The focus of innovation research is on how to find relevant target groups outside the companies for finding innovative ideas (Chesbrough, 2003), whereas the entrepreneurial research is going in the direction of exploring and explaining entrepreneurial orientation in a broader context, combining both personal characteristics of existing and potential entrepreneurs and the economic landscape such as conditions, opportunities and cultural influences (Saeed et al., 2014). Some scholars found out that by focusing more on the emergence stage of new market segments, and connecting market emergence stage to marketing can increase the explanatory power of the latter (Araujo et al., 2010).
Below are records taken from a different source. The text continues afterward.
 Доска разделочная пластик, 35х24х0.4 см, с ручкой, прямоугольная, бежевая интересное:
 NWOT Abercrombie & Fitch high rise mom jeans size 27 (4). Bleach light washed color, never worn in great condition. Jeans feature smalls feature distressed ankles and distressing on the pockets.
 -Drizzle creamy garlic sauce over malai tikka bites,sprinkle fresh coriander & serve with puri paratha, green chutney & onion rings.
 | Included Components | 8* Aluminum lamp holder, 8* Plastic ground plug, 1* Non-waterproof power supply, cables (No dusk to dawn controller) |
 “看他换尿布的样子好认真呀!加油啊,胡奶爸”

How does a product innovation contribute to the shaping of a new market segment? This is the question behind the history and the evolution of ERP market. The evolution of business integration concepts is a key factor in understanding today's ERP market which evolved from material requirements planning and manufacturing resource planning (Klaus et al., 2000). Starting with the aim to have more precise calculations for needed materials, the next step was having a more efficient manufacturing process – the more profitable these steps were, the more interest emerged for applying it to the enterprise as a whole (Klaus et al., 2000). In 2013 worldwide ERP software market had a volume of $25.4 Billion, where the five biggest shareholders of the market are SAP (24%), Oracle (12%), Sage (6%), Infor (6%) and Microsoft (5%) (Columbus, 2014). Software products of the ERP market target building digital infrastructures, and their evolution continue towards cloud computing.
93.2 The Role of SAP
In addition to being the biggest shareholder of the ERP market, SAP is also the largest European software firm with an annual revenue of €20.8 billion (see sap.com for more details). The role of SAP as the market leader in the ERP market goes back to the product innovation made by its founding team in 1970s. Founded in Mannheim, Germany, SAP introduced a standardized business software for integrating business processes in real-time (Leimbach, 2010) for the first time in computer history – at a point of time where the computer industry in USA was more developed than that of Germany.
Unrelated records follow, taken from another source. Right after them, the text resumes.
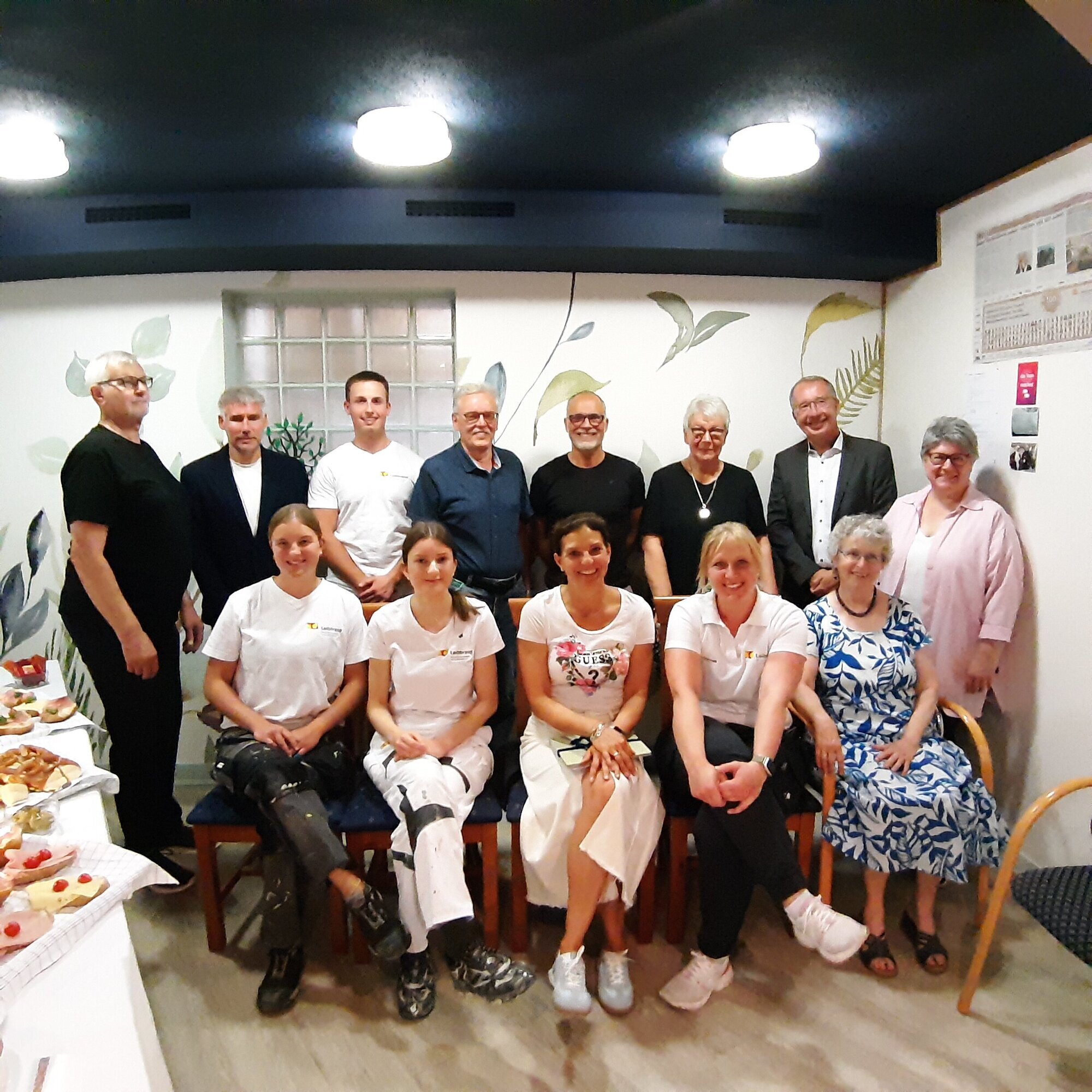 Schorndorf. Ein florales Motiv ziert deckenhoch eine Wand, der Fußboden hat Holzoptik und verbreitet eine warme Atmosphäre, das Farbkonzept des Raums wirkt harmonisch, frisch und ziemlich schick: Hier haben drei Auszubildende der Firma Leibbrand ganze Arbeit geleistet. Sie haben eine ehemalige Sauna im Untergeschoss des Stadthauses in der Gmünder Straße in einen Raum verwandelt, in dem die Bewohnerinnen und Bewohner gemeinsam basteln und spielen können. Pfiffig haben die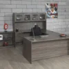 The u shaped office desk is made from a commercial grade laminate and it includes a hutch with wood framed glass doors and a small bookcase. The model in the picture has a Urban Walnut finish with built in grommets and one hanging set of drawers. It’s available in different sizes, finishes and you have your choice of drawers for storage. Quality backed by a 5-year manufacturer’s warranty. rephrase this para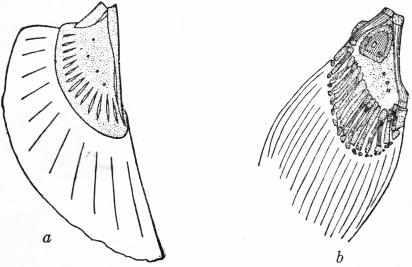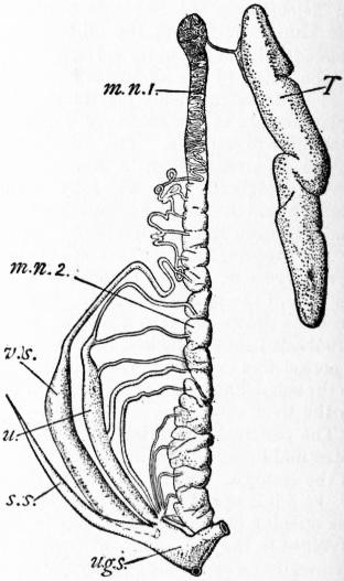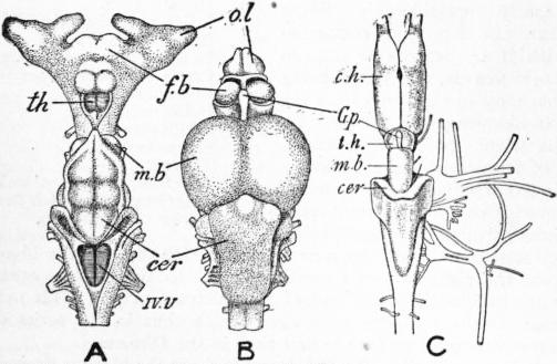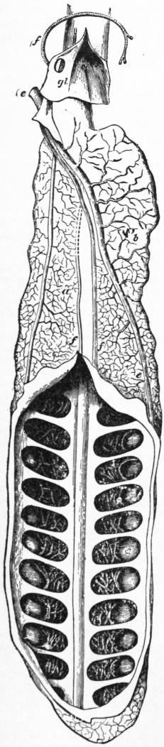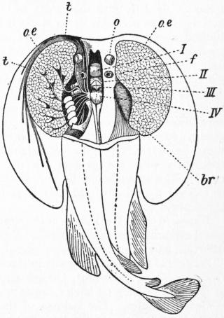 The commencement of the history of ichthyology coincides with that of zoology generally. Aristotle (384-322 B.C.) had a perfect knowledge of the general structure of fishes, which he clearly discriminates both from the aquatic animals with lungs and mammae, i.e. Cetaceans, and from the various groups of aquatic invertebrates. According to him: “the special characteristics of the true fishes consist in the branchiae and fins, the majority having four fins, but those of an elongate form, as the eels, having two only. Some, as the Muraena, lack the fins altogether. The rays swim with their whole body, which is spread out. The branchiae are sometimes furnished with an operculum, sometimes they are without one, as in the cartilaginous fishes.... No fish has hairs or feathers; most are covered with scales, but some have only a rough or a smooth skin. The tongue is hard, often toothed, and sometimes so much adherent that it seems to be wanting. The eyes have no lids, nor are any ears or nostrils visible, for what takes the place of nostrils is a blind cavity; nevertheless they have the senses of tasting, smelling and hearing. All have blood. All scaly fishes are oviparous, but the cartilaginous fishes (with the exception of the sea-devil, which Aristotle places along with them) are viviparous. All have a heart, liver and gall-bladder; but kidneys and urinary bladder are absent. They vary much in the structure of their intestines: for, whilst the mullet has a fleshy stomach like a bird, others have no stomachic dilatation. Pyloric caeca are close to the stomach, and vary in number; there are even some, like the majority of the cartilaginous fishes, which have none whatever. Two bodies are situated along the spine, which have the function of testicles; they open towards the vent, and are much enlarged in the spawning season. The scales become harder with age. Not being provided with lungs, fishes have no voice, but several can emit grunting sounds. They sleep like other animals. In most cases the females exceed the males in size; and in the rays and sharks the male is distinguished by an appendage on each side of the vent.”

A number of factors seem to be effective in SAP's success (Meissner, 1997). Some interesting facts need to be mentioned: The founders were all former employees of IBM, they were able to observe different business processes of different clients of IBM, they financed themselves for a very long period of time, they were a heterogeneous team with different competencies, their geographic location was full of international customers which led them use English in their programming procedures, they were the first ones introducing a particular product innovation to the market, they used a word-of-mouth strategy to build on a previous innovation of a team member known in the region, to mention only a few. Since this paper is the first of a series of papers, the question of whether SAP's story is a pre-defined success story, and which factors caused its success, will be answered later on. At this point, the emphasis will be put on the forming and leading firm of ERP market, and what its impact was and still is.
94.3 Economic Impacts
What did SAP change in economic terms? The economic impacts of the introduction and implementation of the software programme can be analysed within the framework of Dholakia et al. (2002). This framework analyses infrastructure innovations and their economic impacts, which is applicable to ERP since implementing an ERP system is accepted as a digital organizational infrastructure innovation (Clagett and Berente, 2012).
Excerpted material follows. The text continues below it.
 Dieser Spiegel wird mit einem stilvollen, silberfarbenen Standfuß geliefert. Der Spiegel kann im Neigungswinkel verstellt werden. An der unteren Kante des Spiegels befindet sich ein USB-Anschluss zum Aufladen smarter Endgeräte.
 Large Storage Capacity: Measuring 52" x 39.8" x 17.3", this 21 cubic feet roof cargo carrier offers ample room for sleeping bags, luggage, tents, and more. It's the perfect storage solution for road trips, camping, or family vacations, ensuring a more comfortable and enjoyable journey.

3.1 SAP’s Product Innovation
What were the innovative notions of SAP's “System R”? SAP introduced a new software which was standardized for businesses (1), integrating business processes for sales, materials management and accounting (2) and allowing to enter data in real-time (3) (Leimbach, 2010). Starting with a prototype for a single client (where they were not sure, whether they would continue with selling the programme), the SAP founders learned with each installation and shaped a new market segment (Meissner, 1997). The economic impacts of this product innovation and the corresponding emergence of a new market segment can be described with three effects.
3.1.1 Agency Costs
Diverging interests of the owner/manager of an organization and the agents who carry out tasks for the owner/manager may lead to agency costs (Dholakia et al., 2002). ERP decreases administrative reporting costs, costs of coordinating and monitoring the activities of agents as well as costs of errors in product and information (Poston and Grabski, 2001). The latter point was a crucial factor associated with entering data in real-time, which was made possible with SAP's “System R”. The previous method of entering data was by using the batch processing using punch cards (Leimbach, 2010) which caused huge delays and errors in planning and production.
3.1.2 Transaction Costs
Transaction costs are “costs of acquiring the knowledge which is necessary to make transactions or the costs of making arrangements to counteract the irremediable lack of knowledge about the future” (Loasby, 2002, p. 76). ERP systems reduce the costs of “search, transportation, inventory holding and communications” (Poston and Grabski, 2001, p. 278) which were also reflected in the initial form of SAP's software programme consisting of three modules (sales, materials management and accounting) to give an overview of business processes with accurate information processed in real-time.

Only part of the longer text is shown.